SANTA FE – As New Mexico’s annual legislative session came to a close Saturday, legislators charted an economic exit from the COVID-19 pandemic and checked off progressive priorities on policing reforms, abortion rights, medical aid in dying and child poverty.
In the final hours of a 60-day session, legislators ramped up state tax breaks for working families – a finishing touch on a broad package of economic relief measures.
“Hundreds of millions of dollars of tax relief directly the working people – they need that now,” Democratic House Speaker Brian Egolf said at a news conference at the close of the session. “We were able to get it done.”
Gov. Michelle Lujan Grisham has eagerly signed bills that provide grants and minimal-interest loans to small businesses, a $600 tax rebate to low-income workers and a four-month tax holiday to the food service industry.
She will decide in coming weeks whether to accept provisions of a $7.45 billion budget request that increases spending by nearly 5% in the fiscal year starting July 1, with a 1.5% pay bump for state and public school employees.
The budget bill also sets priorities for spending $1.63 billion in new federal aid on unemployment insurance, roads, college scholarships and more – items the governor will review and possibly veto.

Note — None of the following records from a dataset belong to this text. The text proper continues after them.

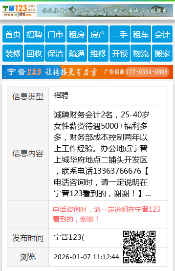诚聘财务会计2名,25-40岁女性薪资待遇5000+福利多多,财务部成本控制两年以上工作经验。办公地点宁晋上城华府地点二铺头开发区,联系电话13363766676 【电话咨询时,请一定说明在宁晋123看到的,谢谢!】 |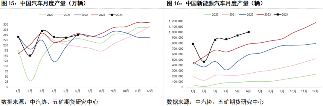 2024上半年我国汽车总产量约1388.8万辆,同比增长约4.9%,汽车总销量约1404.7万吨,同比增长约6.1%,产销增速呈现逐月下滑的态势。其中,上半年新能源汽车总产量约492.7万辆,同比增长30.1%,总销量约494.4万辆,同比增长约32.0%,总体新能源汽车产销增速偏高,且在降价、国内汽车消费政策和出口强劲增长支持下表现强于预期。下半年在以旧换新、部分城市放宽汽车购买限制等因素支持下,我国新能源汽车产销有望保持接近30%的增长速度,但海外贸易保护政策预计给出口带来一定的抑制。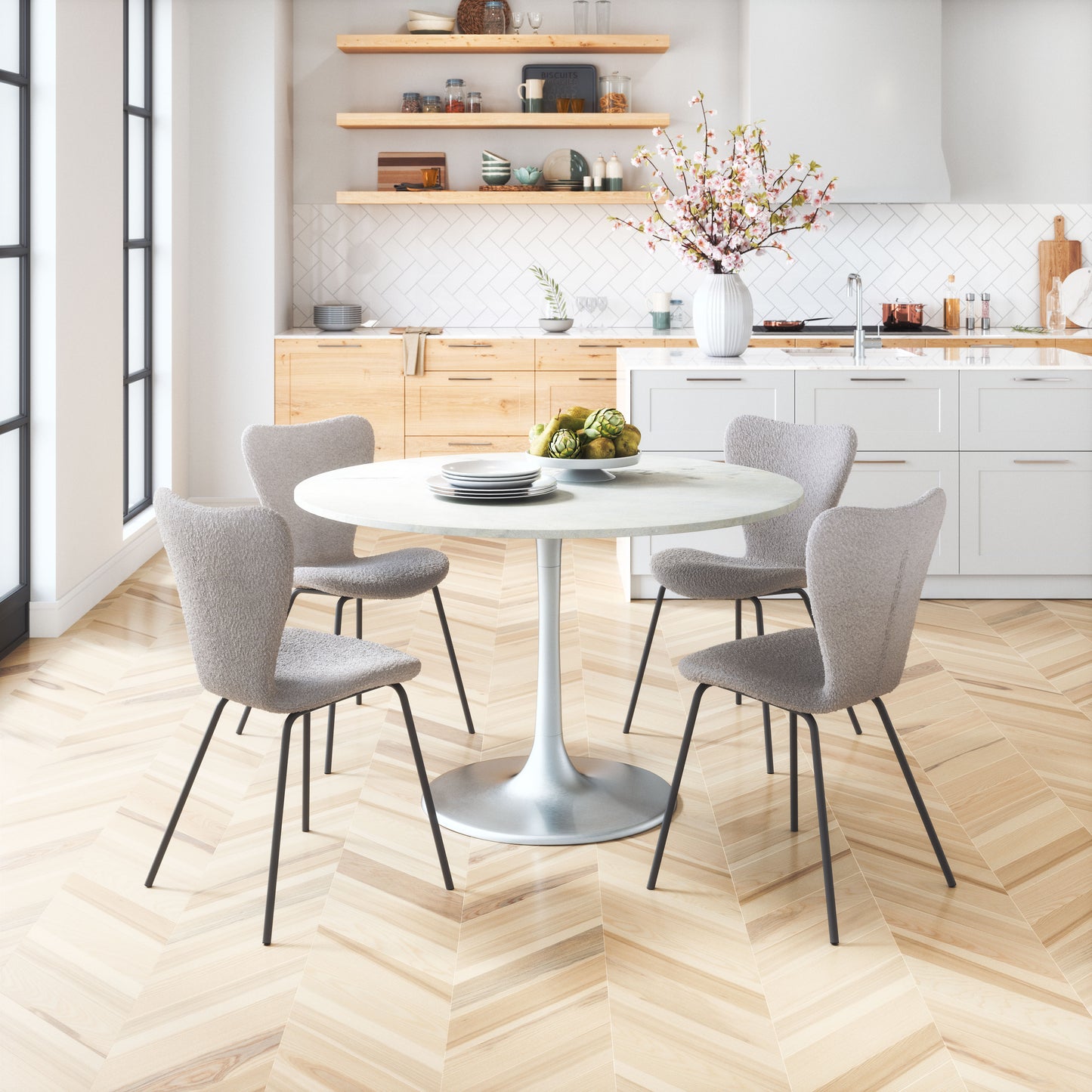 The soft light gray color offers a versatile and contemporary touch, seamlessly integrating with various decor styles, from minimalist to traditional. The ergonomic design ensures comfortable seating for long meals, making these chairs ideal for family dinners and entertaining guests.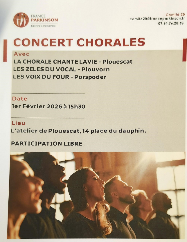 Les chorales « Chante la vie » de Plouescat, « les Zélés du vocal » de Plouvorn et « les Voix du Four » de Porspoder ont la joie de se réunir pour chanter au profit du comité local de France Parkinson. Nous vous attendons nombreux pour aider les malades et leurs proches.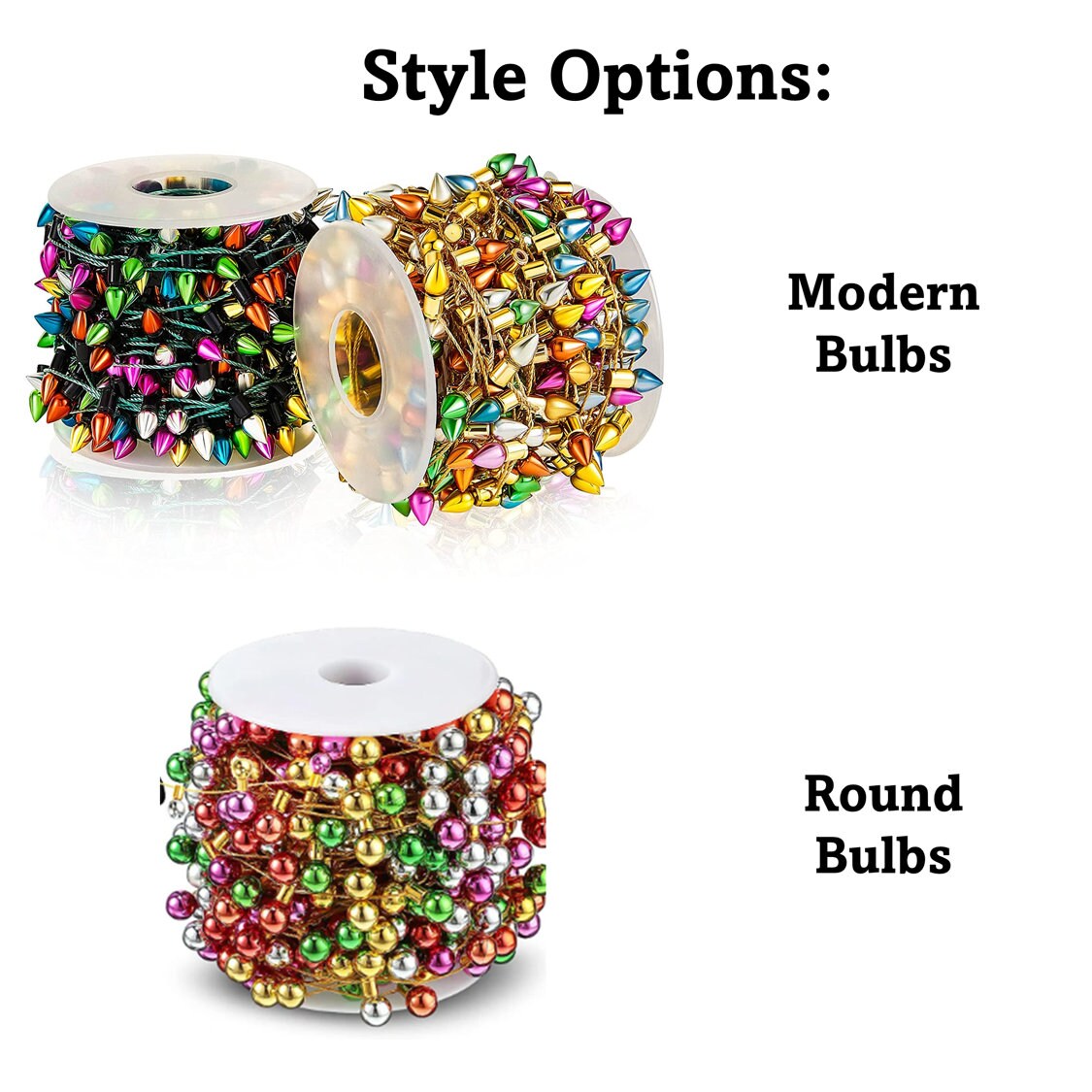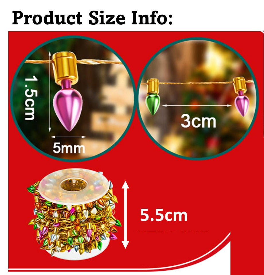 Miniature Imitation Christmas Lights perfect for Christmas Villages, Doll houses, Jewelry making, Gift Wrapping décor, Snow globes, Christmas Decor, Wreaths, Crafts, and more. Available in 10ft and 20ft spools with choice on modern or round shape bulbs. Note the bulbs are not actually electric (see photos) they are made with a metallic paint that makes them appear to be real. String can be cut to length desired.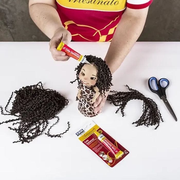 Nos artesanatos, é bastante utilizada para a colagem de tecidos em bonecos de pano e na fixação de cabelos sintéticos em bonecos de biscuit. E olha só, é resistente à água e óleo, então serve pra várias situações.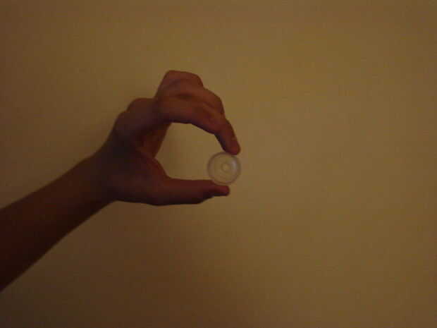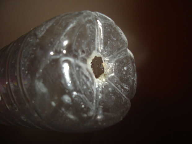 Para preparar la botella, todo lo que necesitas hacer es perfore un orificio a través del centro de las chapas (esto puede necesitar ser ajustado en el paso siguiente) y luego taladrar un círculo en la parte inferior de la botella así que usted puede caber una cabeza más clara de seguridad a través de él muy bien. Es muy importante que el encendedor se ajusta perfectamente, si no, existe la posibilidad de fuego disparando hacia la parte posterior y te quema.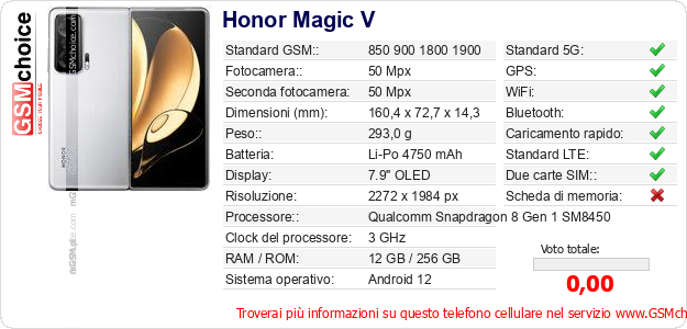 Dati del telefono cellulare Honor Magic V sul tuo sito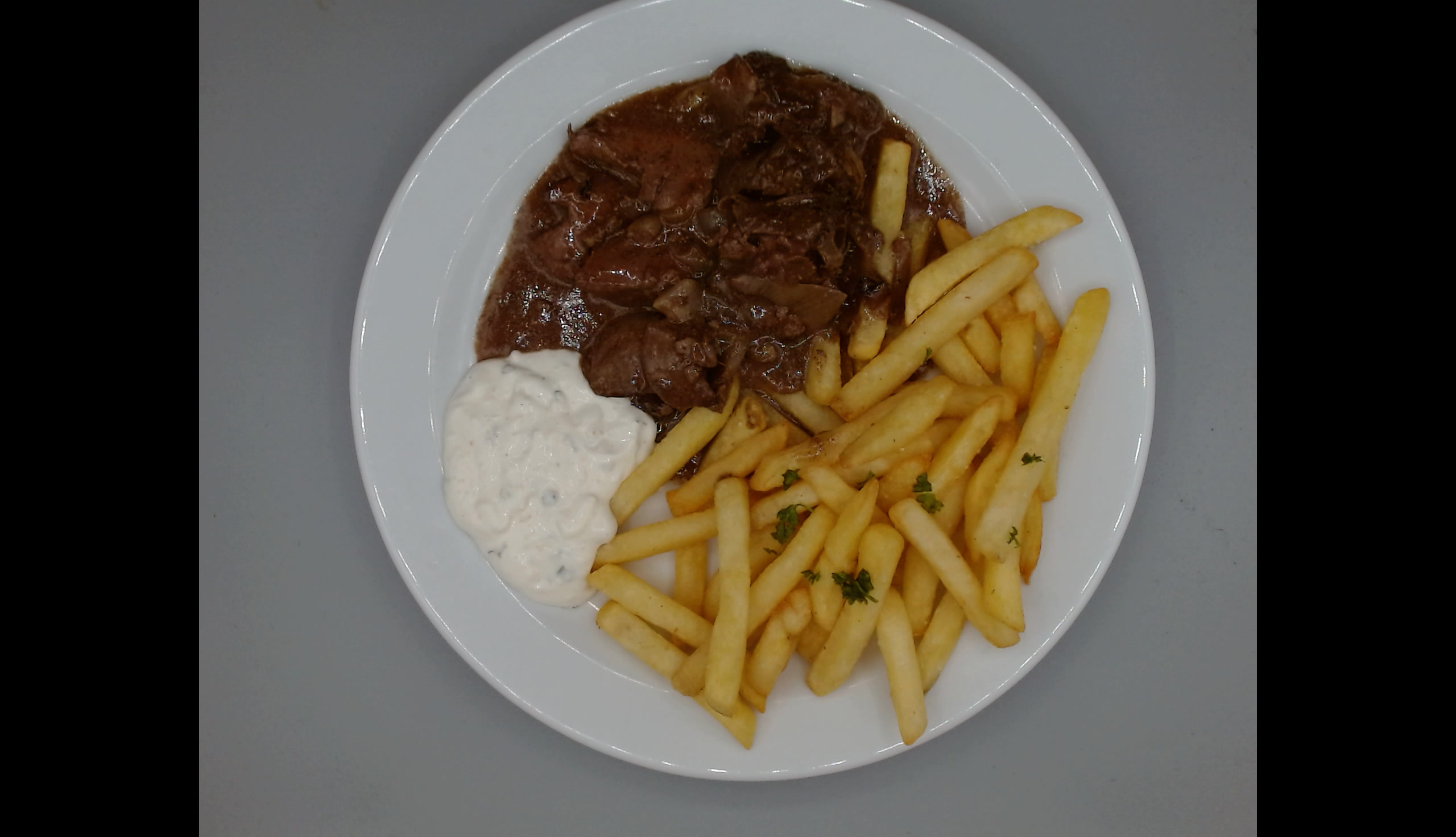 Kuřecí játra na cibulce, bramborové hranolky, tatarská omáčka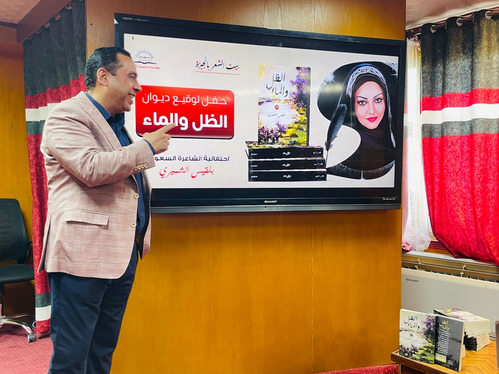وتحدث بهذه المناسبة الشاعرين الكبيرين جبر البعداني ومحمود حسن عن أهمية مكانة الشعر السعودي وإن تجاربه الشعرية جديرة بالاحتفاء والدراسة وكان لحضور الشاعر البعداني اللافت حيث شارك في حفل توقيع  الشاعرة بلقيس الشميري  بقصيدة بعنوان "بهية" عن مصر وأكدّ على أنّ الشعراء السعوديين مغامرون ومجرّبون والمغامرة والتجريب هما عماد الاختلاف وذروة سنامه" بالمناسبة الشاعر البعداني هو من يدير بيت الشعر بالجيزة الذي يقيم فعاليات شعرية وأدبية أسبوعية يرتادها كبار الشعراء والمثقفين، ويسهم في تطوير الشعر والأدب وتشجيع الشعراء المبدعين.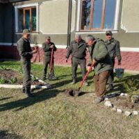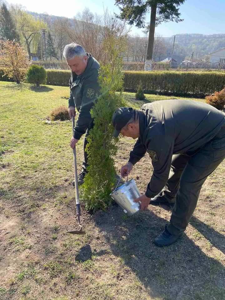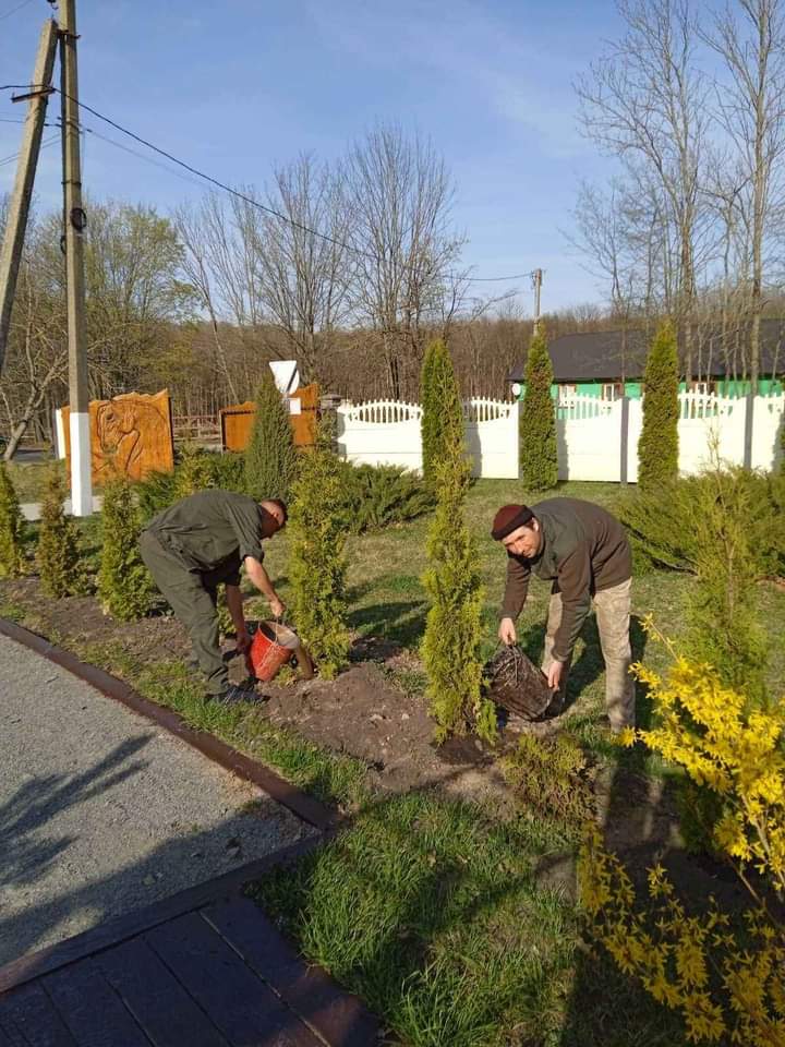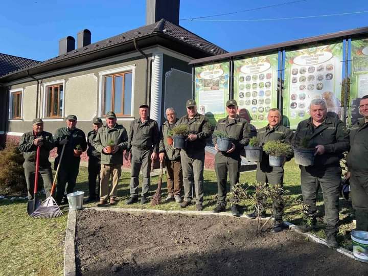 Фахівці Рухотинського лісництва теж провели озеленення садиби підрозділу, там подвір’я прикрасили не лише туями та ялівцями, а ще соснами та кипарисами.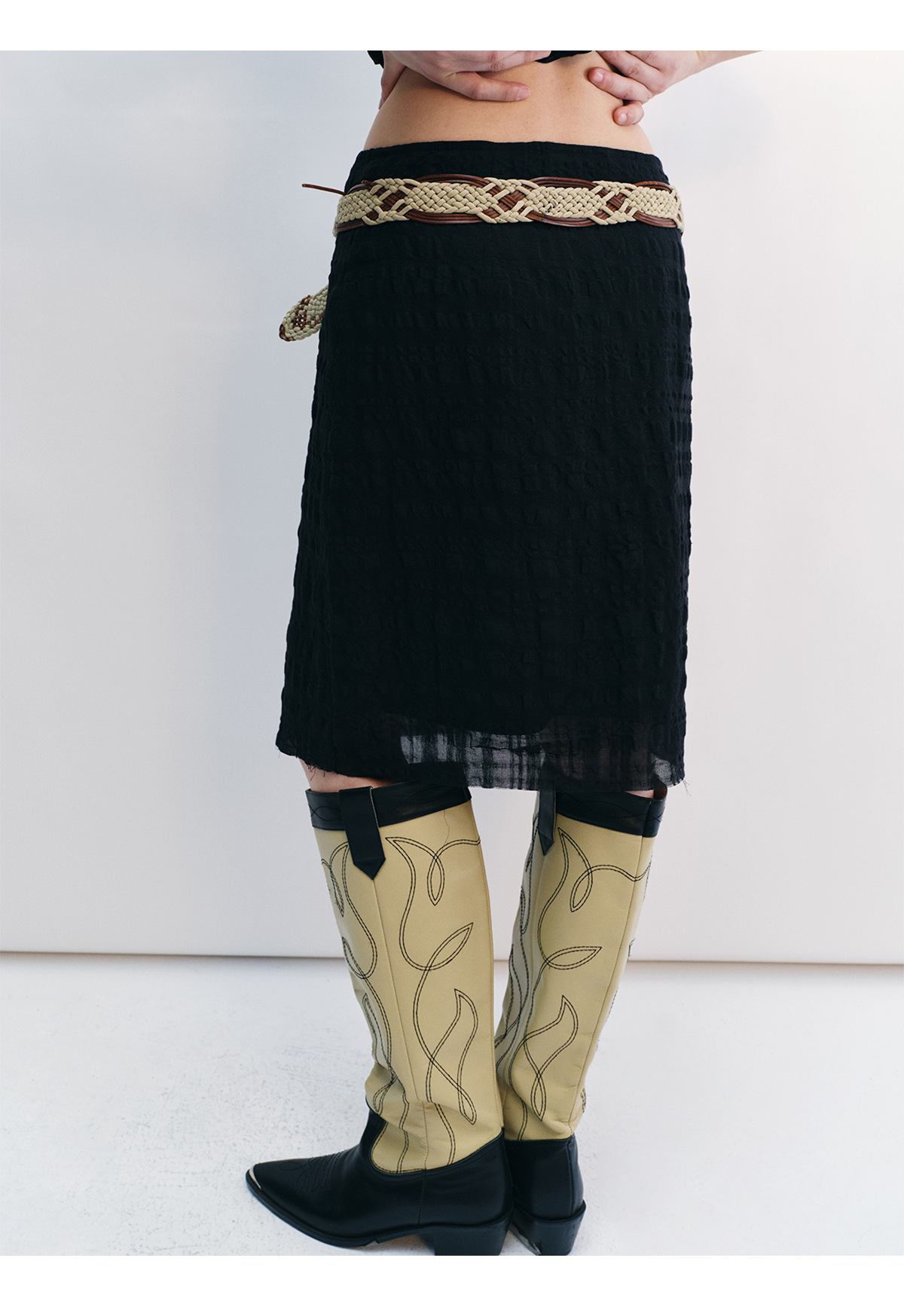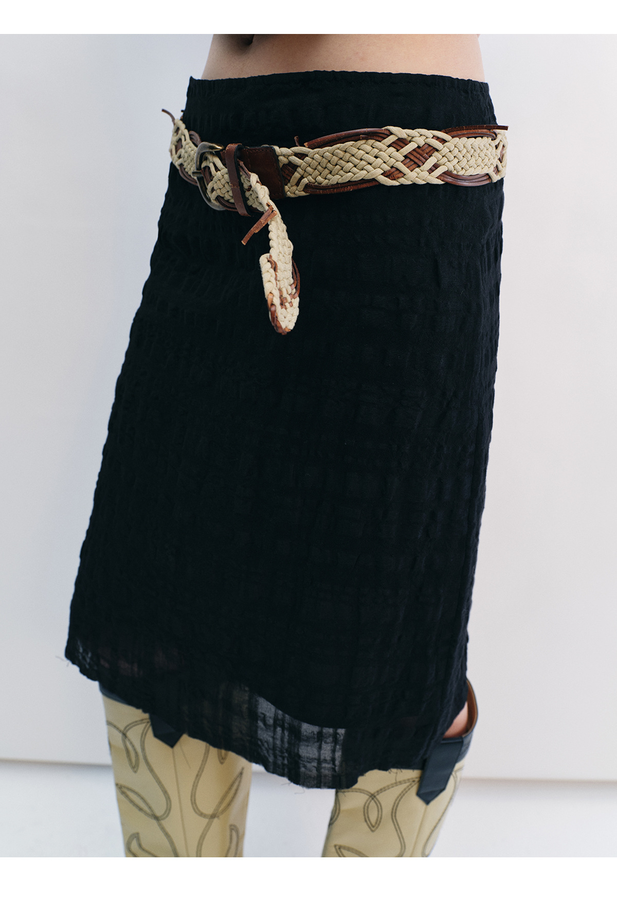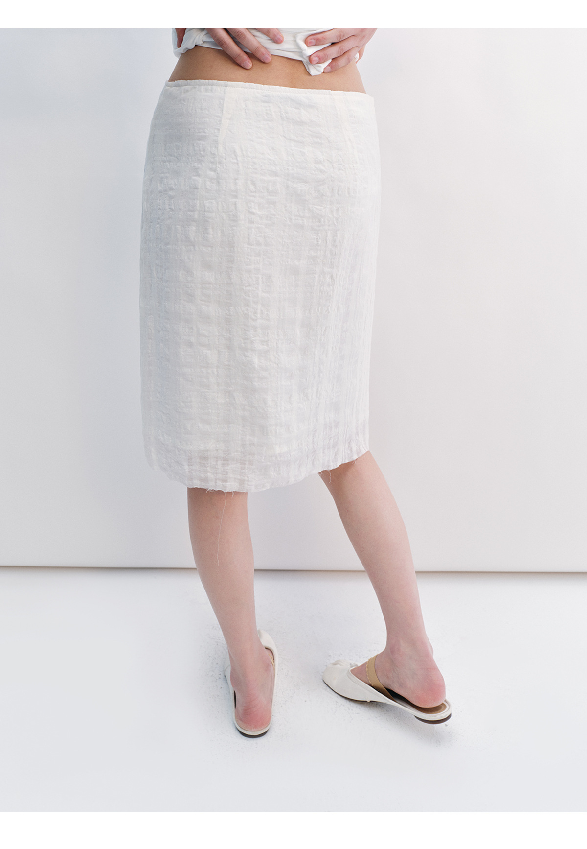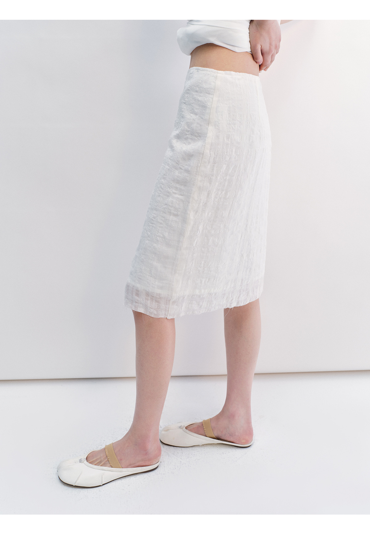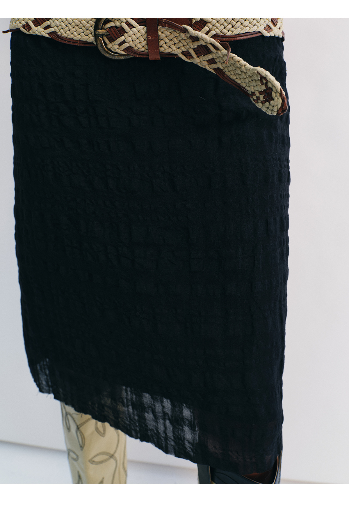 [시간 인식] 새로운 리넨 텐셀 피부 친화적 인 통기성 자카드 질감 기술 솔리드 컬러 모피 가장자리 스커트 여성 V8732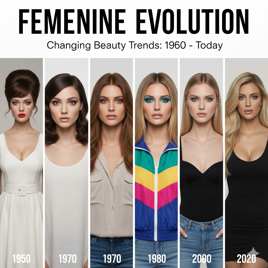1950: Der Körper der Frau sollte nach den Kriegsjahren voluminöse Kurven haben. Marylin Monroe war mit ihrer ,,Sanduhrfigur” sehr angesagt. ,,Mehr ist Mehr” prägte diese Zeit besonders. Die Sanduhrfigur bestand aus einer großen Oberweite, einer schmalen Taille und einer breiten Hüfte. Die angestrebten Konfektionsgrößen (Größen der modernen Kleidung) bei einer erwachsenen Frau waren 40 und 42. Das Makeup der Frauen in den 50er Jahren beinhaltete dicke Augenbrauen, rote Lippen, dunklen Lidschatten (leichtes smokey eye) und voluminöse Wimpern. Kleine Muttermale waren auch sehr ,,in”, weshalb sich manche Frauen eines über den Mundwinkel gemacht haben. Die Haare waren sehr voll, aber mussten auch große Locken haben und waren eher kurz geschnitten.

Republican Rep. Rebecca Dow of Truth or Consequences hailed as a shining moment the legislative approval of an independent redistricting commission to redraw political boundaries when the federal Census is finalized. Commission recommendations would not be binding.
“They can choose to discard it, but they can also choose to listen to the citizens,” she said. “It’s a step in the right direction.”
Leading Republicans in the legislative minority said many Democratic initiatives escaped adequate scrutiny in a Capitol building that remains closed to the public as a pandemic precaution and cordoned off by fencing, roadblocks and troops in the wake of the storming of the U.S. Capitol.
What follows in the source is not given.